The proposed settlement by the judicial manager, Deloitte Consulting Ltd to resolve the problematic Clico International Life Insurance Ltd (CIL) matter has been met with a predictable disapproval by The Barbados Investors and Policyholders Alliance (BIPA). The recommendation to settle “is to float a bond whose proceeds would be used to acquire qualifying assets that would be transferred to the buyer of the insurer’s traditional business as well as fund the partial payment and restructuring of the EFPA portfolio.” For the proposal to work the governments of Barbados and Trinidad are expected to back the bond which amounts to close to BBD400 million. Those affected countries in the Eastern Caribbean (Antigua, Anguilla, Montserrat, St Vincent, Grenada and Dominica) would have to commit to the deal “by committing their state agencies to invest directly in the bond issue.” Most of the islands in which CIL operates are highly indebted.” – see T&T Guardian Article.
BIPA in response has expressed the concern that any deal must “include(s) full reimbursement of the dozens of people whose policies have already matured”. According to them “of BIPA’s 385 members, 46 have policies that have reached maturity – 39 of them being Executive Flexible Premium Annuities (EFPAs) and the other seven in Flexible Premium Annuities (FPAs).” If BIPA maintains its position the CLICO matter is destined to be hogtied by bottomless complex and legal considerations. There is every likelihood that the only parties who will come out the winners in this matter will be the lawyers and the judicial manager. A few months ago a report was posted to show that Deloitte’s fee had reached $7.2 million.
From the start of the CLICO Mess BU suggested that besides being turned into a political football, the parlous state of regional economies makes it difficult, if not impossible, for CLICO policyholders to be 100% indemnified. This is a case where there will be losers. Where will our impoverish governments get the money from to bailout CLICO policyholders? If the governments go ahead and bow to political considerations how will the international financial and rating agencies react? The harsh reality is that CLICO policyholders will have to take a haircut. The longer it plays out will determine how low the cut.

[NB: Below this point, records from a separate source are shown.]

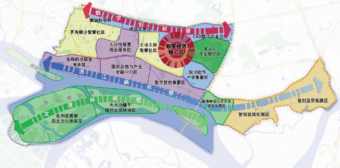 《规划》提出,全面融入广州市“一区三城”和黄埔区、广州开发区“一岸双轴三片”格局,在黄埔临港经济区和广州人工智能与数字经济试验区(鱼珠片区)构建“一核三带多点”的高质量发展空间格局,建设以人工智能为引领、以数字技术为驱动、以信创产业体系和现代服务业产业体系为支撑、宜居宜业宜游的全球智慧创新港城。
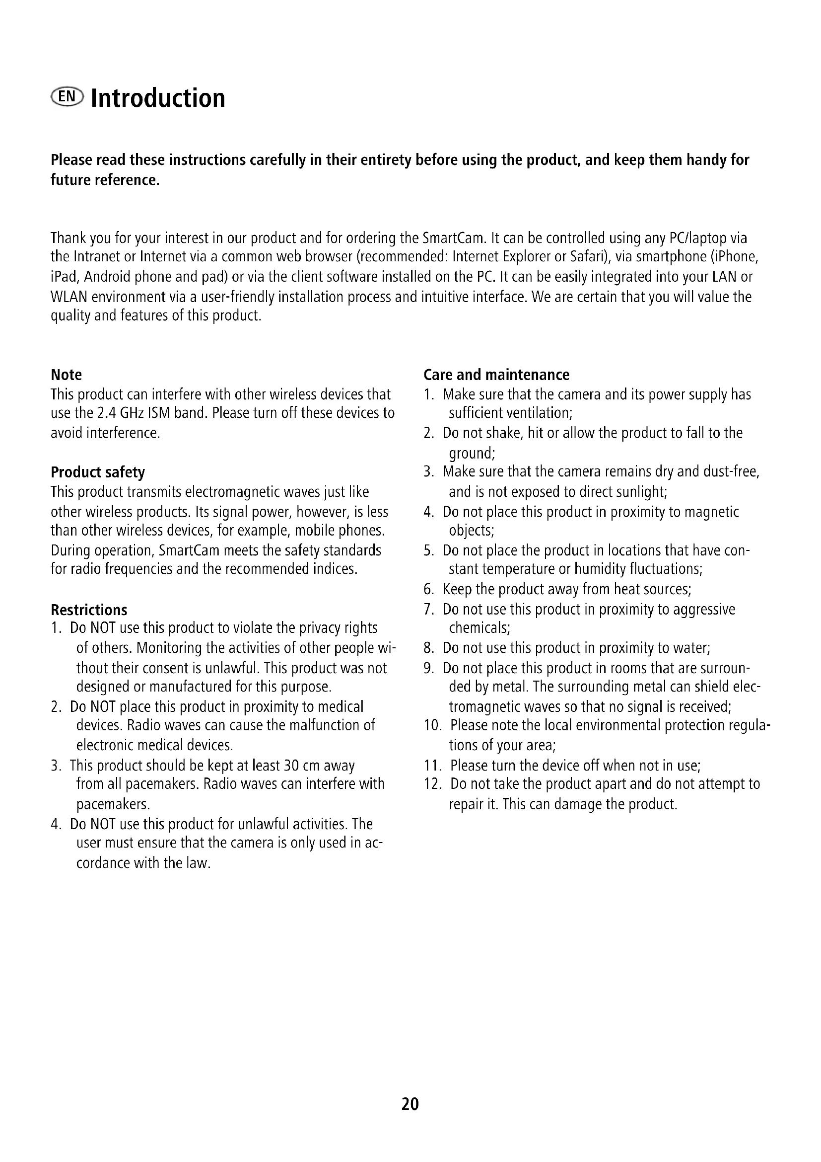 Thank you for your interest in our product and for ordering the SmartCam. It can be controlled using any PC/laptop via the Intranet or Internet via a common web browser (recommended: Internet Explorer or Safari), via smartphone (iPhone, iPad, Android phone and pad) or via the client software installed on the PC. It can be easily integrated into your LAN or WLAN environment via a user-friendly installation process and intuitive interface. We are certain that you will value the quality and features of this product.
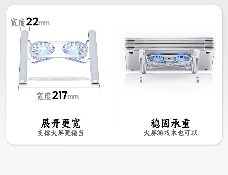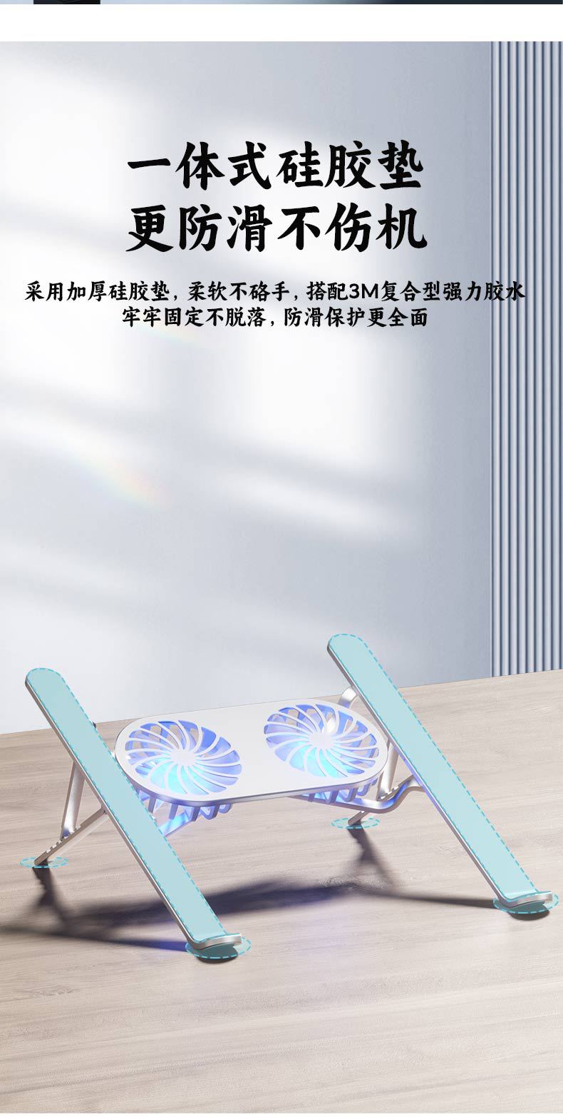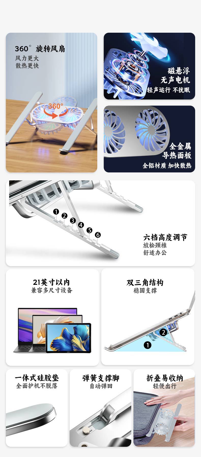 • 알루미늄 합금 컴퓨터 브래킷-[팬 및 조명으로 720 ° 회전 방열]-실버

The lack of a strong local and regional regulatory framework, the willingness of regulators to be intimidated by the political directorate, combined with greedy and corrupt politicians, have made the mess we find ourselves. While incumbent governments have the job of resolving the matter, the problems created by CLICO did not begin in 2008. BU finds it amusing that BIPA continues to fight a losing battle to become a legal party to the matter which we all know is under the supervision of the Court. A reality is that opposition politics dictates that the government be blamed for the pace at which settlement is taking place. A downside to the matter being placed under judicial management is that all parties affected have to march to the beat of the Court. It is no secret our court system is labouring under some serious shortcomings which have likely impinged this matter. The level of political diatribe and emotional invective imparted to the CLICO Matter has guaranteed that in the minds of all concerned, whatever the settlement, many will be left battered and bruised when the final curtail is drawn far into the future.
A look at the complexity of CLICO’s Empire begs the question how did our governments and regulatory bodies fail to robustly regulate the company? Based on the findings so far of the CLICO Commission of Inquiry in Trinidad, Duprey managed the conglomerate like Miss Alleyne’s rum shop. Sadly the problem of CLICO manifested in all of the jurisdictions in which it operated exposed two deficiencies – a poor regional regulatory system for monitoring pan Caribbean companies and the influence politicians have on an already weak system of governance fuelled by greed.